It is in the same way as candidates are selected for seats in the colleges or for appointments in the government that a certain percentage of people are thought to be sufficient for the purpose of conducting the rites meant to invoke the heavenly powers for the happiness of mankind - and these few function on a hereditary basis. Not more are needed for such a task since all the other work required for the proper functioning of the society will otherwise suffer. This is the principle on which vocations are divided. People agitate for the application for the principle of equality (a product of French Revolution) to scriptural matters without realising that it has hardly any place even in worldly affairs.

Strength of Unity

When there are so many jatis and each lives separately from the rest, how can the community remain united as a whole? But the fact is unity did exist in the past. Indeed it is now that our society is divided because of ill-will among the various groups. The binding factor in the past was faith in our religion and its scriptures. The temple strengthened this faith and the sense of unity, the temple which belongs to the whole village or town and which is situated at its centre. People had the feeling of togetherness in the presence of Isvara as his children. In festival all jatis took part contributing to their success in various ways.
In the rathotsava (car festival) of a temple, all sections including Harijans pulled the chariot together. On returning home they did not bathe before eating. This practice has the sanction of the sastras. [Talking of the past] it was a time when people were divided in their callings but were of one heart. Though stories are concocted that there was no unity since society was divided into a number of jatis, the fact is people then had faith in the sastras and in the temples and this faith was a great unifying force. Today, ironically enough, hatred and enmity are spread between the various jatis in the name of unity. That is the reason why nowadays the cry against the caste has become a cry against the vedic dharma and temples.
The vedas themselves proclaim that when a man attains to the highest state [that is jnana] he does not need either the Vedas themselves or the temples. The Upanisads too have it that in the state of jnana or supreme awareness the Vedas are not Vedas, the Brahmin is not a Brahmin, the untouchable is not an untouchable. It is to reach this state - the state in which the Vedas and all the differences in society cease to be- that you need the very Vedas, temples and caste differences. The condition of utter non-difference, may it be noted, is realised through these very means.
He who constantly strives to be free from worldly existence ultimately discovers that everything is one, so proclaim the Vedas. Krsna Paramatman pronounces the same truth when he says that in the end there is worklessness -"Tasya karyam na vidyate".
In the phenomenal world with its works and day-to-day affairs, it does not make sense to claim that there are no differences. The sastras, however, teach us that even in such a world we must be filled with love for all castes, for all creatures and we must look upon all as the same without regarding one as inferior to the rest or superior. It means the attitude of non-difference is in love, not in karma. "We must always feel inwardly that all are one and we must be permeated with love for all. But in karma, in action there must be differences," such is the teaching of the sastras.
"Bhavadvaitam sada kuryat, kriyadvaitam na karayet", so it is said. Oneness must be a matter of our feelings, not our actions. Unless differences are maintained outwardly the affairs of the world will be conducted neither in a disciplined nor in a proper manner. It is only then that Atmic inquiry can be practised without confusion and without being mentally agitated, In sanatana dharma worldly life has been systemised as though it were real for the very purpose of its being recognised and experienced as unreal.
In this worldly life, the four varnas developed branches and many jatis came into being. From the saptasvaras (the seven notes) are formed the 72 melakarta ragas. And from them have developed countless musical modes called janya ragas. In the same way, from the four varnas the numerous jatis were born. Separate dharmas separate customs and rites, evolved for these jatis.

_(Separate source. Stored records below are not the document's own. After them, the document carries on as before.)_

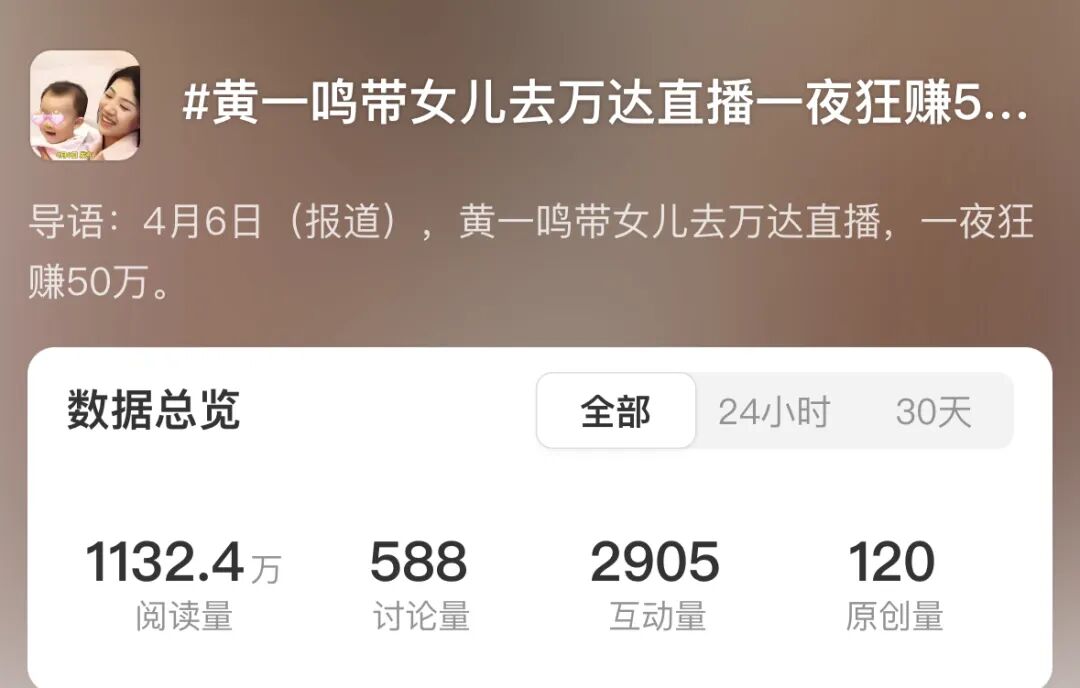 据报道,4月初,在湖州万达广场,黄一鸣带着3岁的女儿闪闪从白天播到凌晨,整整12个小时,销售额高达50万元。
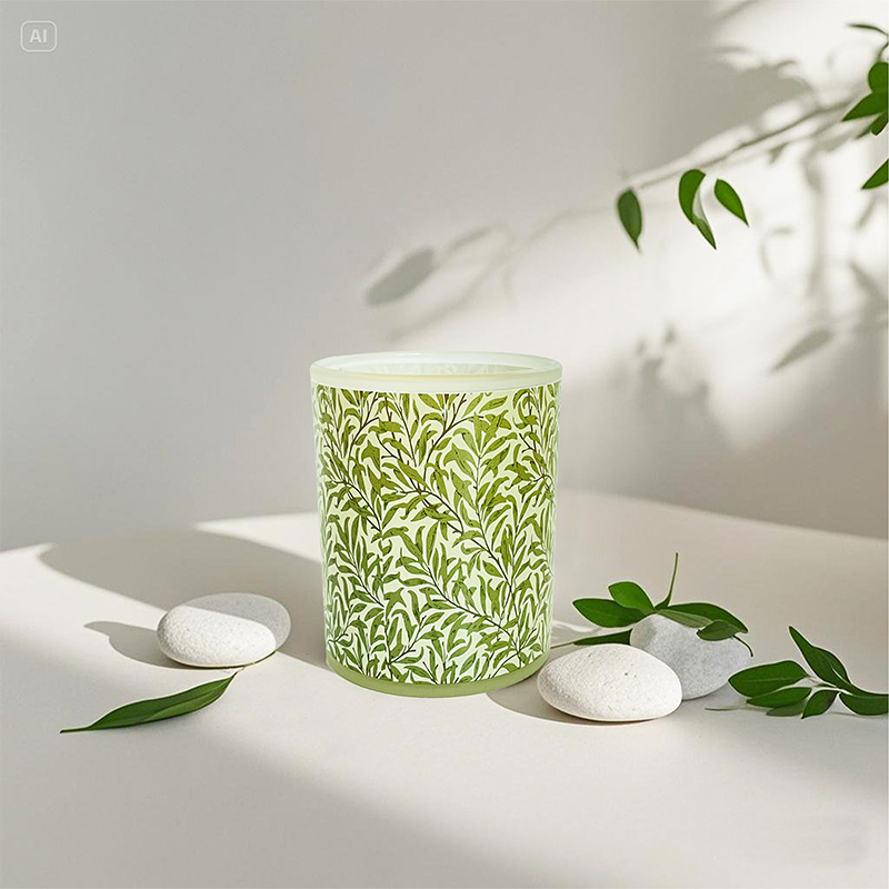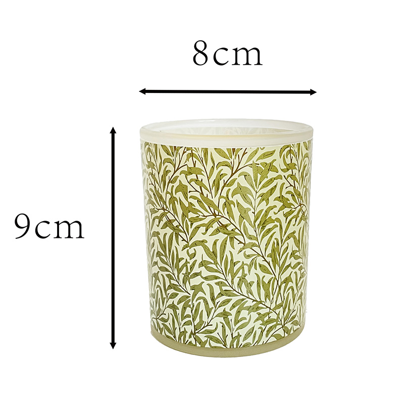 Das Glasgefäß mit frischen grünen Blattmustern kann als anpassbarer Träger dienen und den Druck von Firmenlogos unterstützen. Es eignet sich hervorragend als Geschenk mit Öko-Thema, Werbeartikel für Unternehmen, Heimdekoration oder Hotelzimmerbedarf.
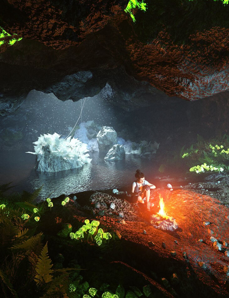 Gangrel's Cave is a detailed modular environment scene that has a removable ceiling and walls. There are various lighting options with mesh lights, spotlights, and pin lights, plus several emissive material zones.
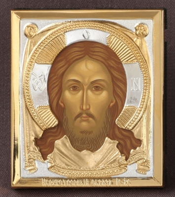 Икона штампованная 6*7 / темпера / золочение / серебро Спас Нерукотворный (УИН)
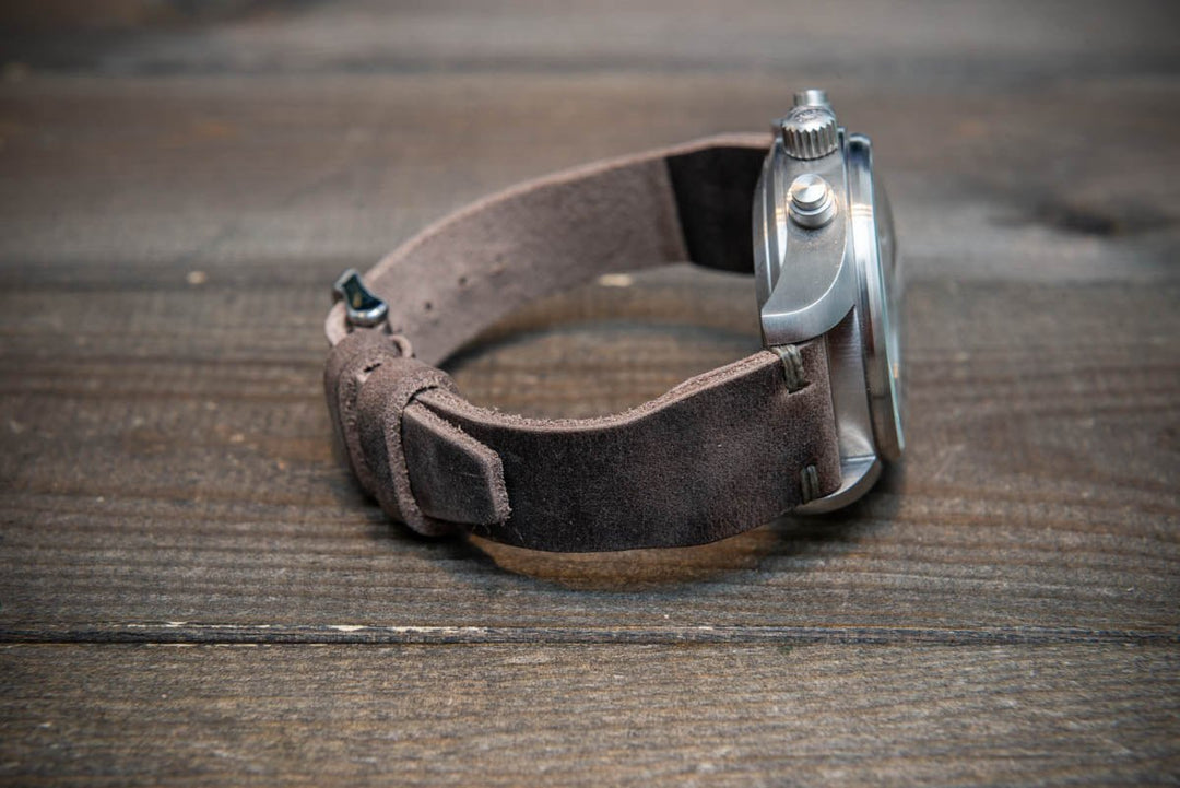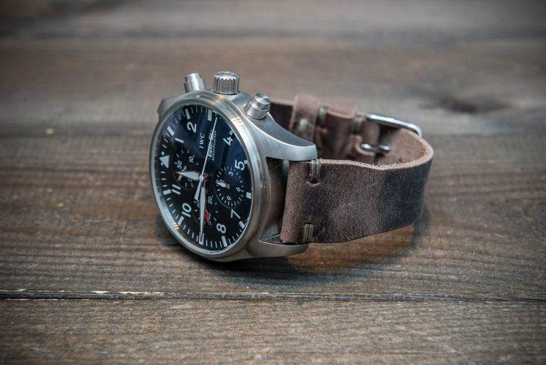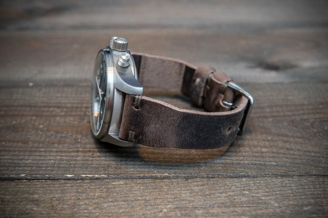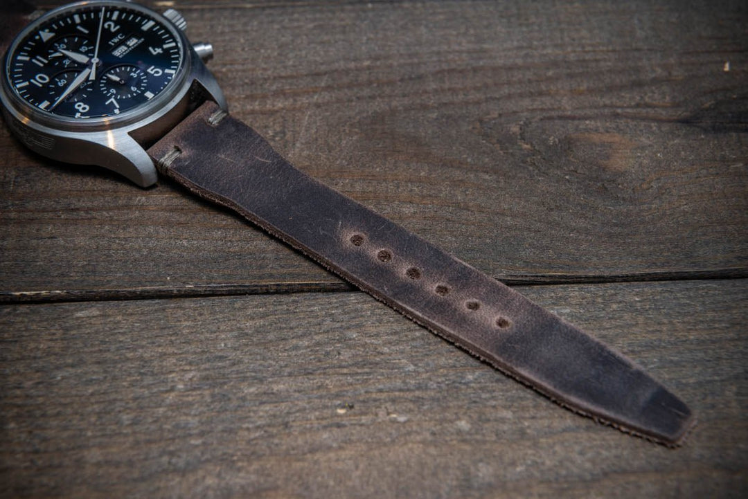 Pilot model watch band. Aviator military style Badalassi Carlo (Italy) Leather Watch Band. Mocca Fodder colour.
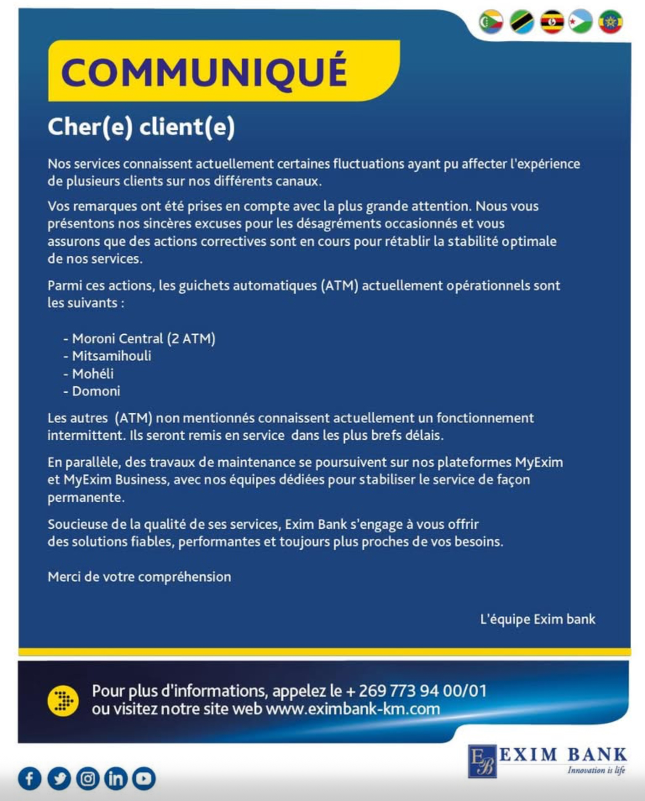 Alors que de nombreux clients d’EXIM Banque expriment leur ras-le-bol, AFG Banque semble tirer son épingle du jeu. Les GAB d’EXIM, souvent en panne — près de la moitié du temps selon certains usagers —, obligent encore trop de clients à faire le tour de Moroni pour retirer de l’argent. À cela s’ajoutent les problèmes persistants de l’application mobile, devenue inutilisable pour beaucoup depuis sa dernière mise à jour.
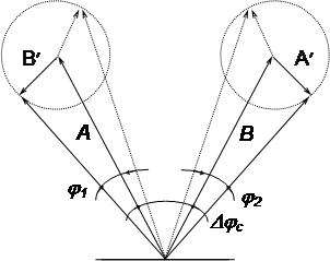 Как следует из векторной диаграммы (рис. 3.4.), при комбинации двух пар противоположно распространяющихся в контуре волн максимальное приращение фазы, обусловленное эффектом обратного рассеяния, можно выразить в виде
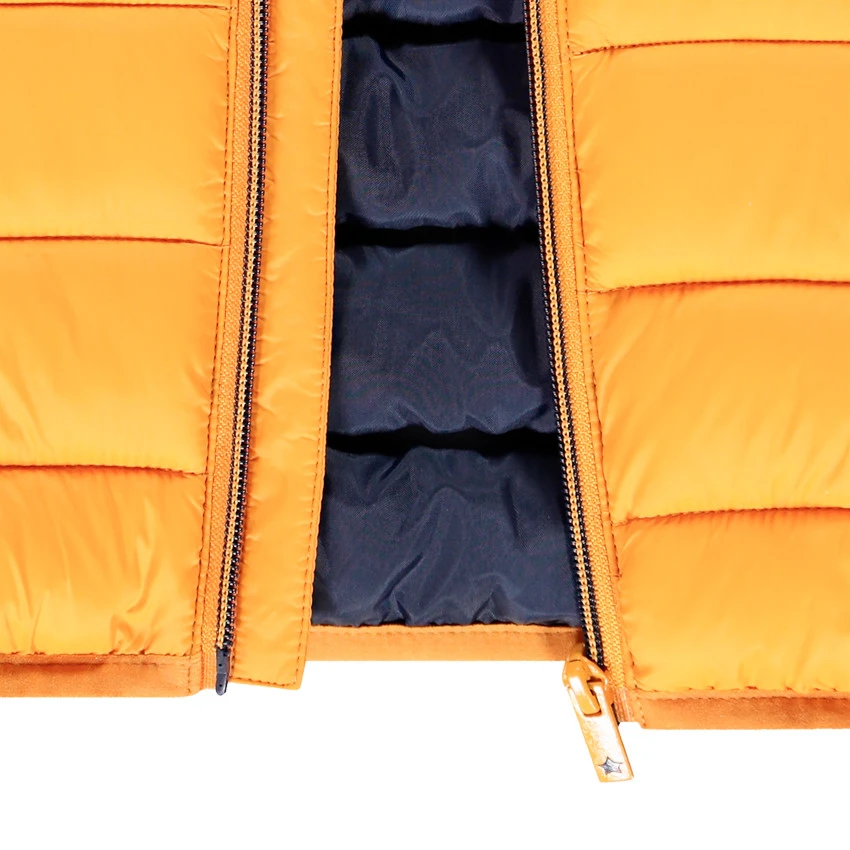Doudoune légère matelassée à capuche. Doublure de la capuche contrastée. Ouverture zippée sur le devant. 2 poches passepoilées. Poignets et bas resserrés.
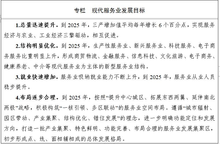 3.提升三产,全力促进消费提档升级。着力增强消费对经济发展的基础性作用,主动参与国内国际“双循环”,按照“城市辐射、园区带动、产业集聚、结构优化、错位发展”的理念,进一步加快服务产品和服务模式创新,促进生产性服务业与特色优势产业融合,加快提升生活性服务业,积极培育新兴服务业,促进文化旅游融合发展,实施“提升中心城区、拓展东西两翼、延伸南北两极”战略,加快“互联网+”在服务业领域的应用与融合,推动生产性服务业向专业化和价值链高端延伸,生活性服务业向精细和高品质转变,培育形成2(商贸物流、现代会展)+N(文化旅游、养老养生等)的现代服务业产业体系,积极构筑“一核引领、多区联动”的服务业空间布局。
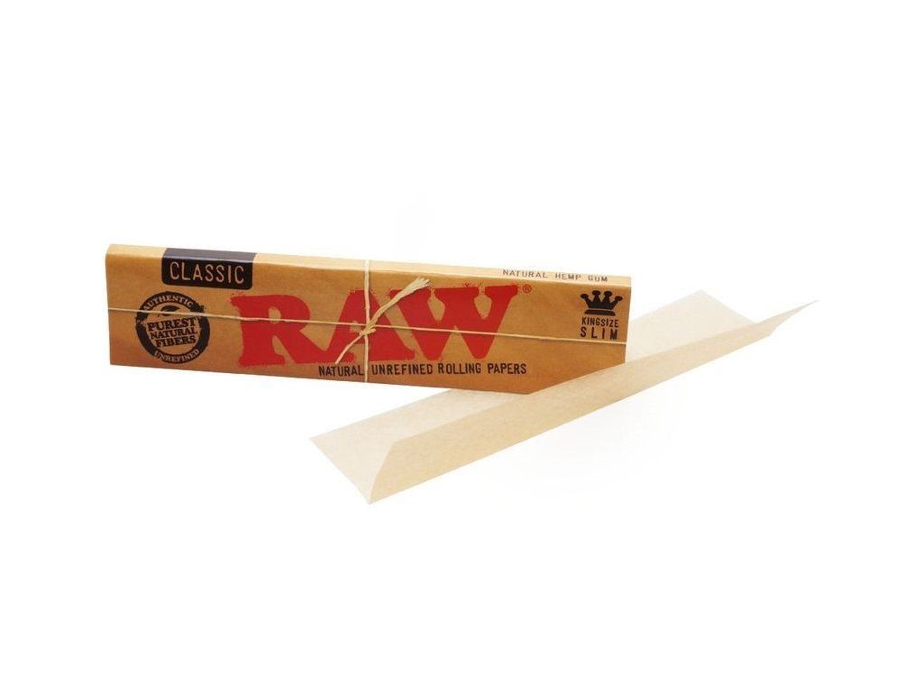 Přírodní dlouhé papírky RAW. Jedno balení RAW King Size Slim obsahuje 32 nebělených, tenkých a pomalu hořících papírků.
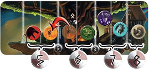For instance, the I active God can put the Vanir on the first square and either take 2 Vikings or move the Valkyries. Otherwise, he can move the Vanir one square forward: another God will be able to use his action to apply the effects corresponding to this new position.

Hinduism and Other Religions

We feel apologetic about the differences in Hindu society especially since we think that the followers of other religions are not divided in the same way as we are. The latter are scornful of Hinduism on this score and some Hindus themselves feel that the differences in our society are unjust. But, if you pause to reflect on the subject, you will realise that if our civilization has survived from prehistoric times until today it is only because of these very differences in our society, the differences according to varna dharma.
In other religions too, even if there is no caste according to their scriptures, the communities are divided. Some of the divisions are almost like jatis and they do not intermarry. Muslims are divided into Sias (Shias), Sunnis and Ahmadiyas. In the south the Pattanis (Pathans) and Labbai Muslims do not intermarry. Among Christians there are Catholics, Protestants and followers of the (Greek) Orthodox Church. Hindus are divided on the basis of labour or work, but are united on another level. But followers of other religions, though themselves divided, speak ill of us. Yet we do not respond properly to their criticism.

The Eternal Religion
The moral and ethical ordinances in other religions are applicable to all their followers. In Hinduism too there is a code of conduct meant for all varnas and all jatis. But in addition to this, there are separate dharmas for jatis with different vocations. There is no intermingling of these vocations and their corresponding dharmas. This fact is central to Hinduism and to its eternal character.
This religion has flourished for countless eons. What is the reason for its extraordinarily long history. If Hinduism has survived so long it must be due to some quality unique to it, something that gives it support and keeps it going. No other religion is known to have lasted so long. When I think of our religion I am reminded of our temples. They are not kept as clean as churches or mosques. The latter are frequently whitewashed. There are so many plants sprouting from the gopurams and our temples support all of them. The places of worship of other religions have to be repaired every two or three years. Our sanctuaries are different because they are built of granite. Their foundations, laid thousands of years ago, still remain sturdy. That is why our temples have lasted so long without the need for frequent repair. We do so much to damage them and are even guilty of acts of sacrilege against them, but they withstand all the abuses. All are agreed that India has the most ancient temples. People come from abroad to take photographs of them. These temples still stand as great monuments to our civilization in spite of our neglect of them and our indifference. It is not easy to pull them down. Perhaps it is more difficult to demolish these edifices than it must have been to build them.
Our religion to repeat is like these temples. It is being supported by something that we do not seem to know, something that is not present in other faiths. It is because of this "something" that in spite of all the differences, it is still alive.
This something is varnasrama dharma. In other religions there is a common dharma for all and we think that that is the reason for their greatness. These religions seem to touch the heights of glory at one time but at other times they are laid low. Christianity supplanted Buddhism in some countries. Islam replaced Christianity or Christianity replaced Islam. We know these developments as historical facts. The civilizations and religions that evolved in ancient Greece and China no longer exist today. Hinduism is the witness to all such changes in other religions and it is subject to attacks from inside and outside. Yet it lives-it refuses to die.
There was a palm-tree round which a creeper entwined itself. The creeper grew fast and within months it entwined the entire tree. "This palm has not grown a bit all these months", the creeper said laughing. The palm-tree retorted: "I have seen ten thousand creepers in my life. Each creeper before you said the same thing as you have now said. I don't know what to say to you." Our religion is like tree in relations to all other faiths.
Although there are separate duties and religious rites for the different castes in our religion, the fruit of the rites are same for all.  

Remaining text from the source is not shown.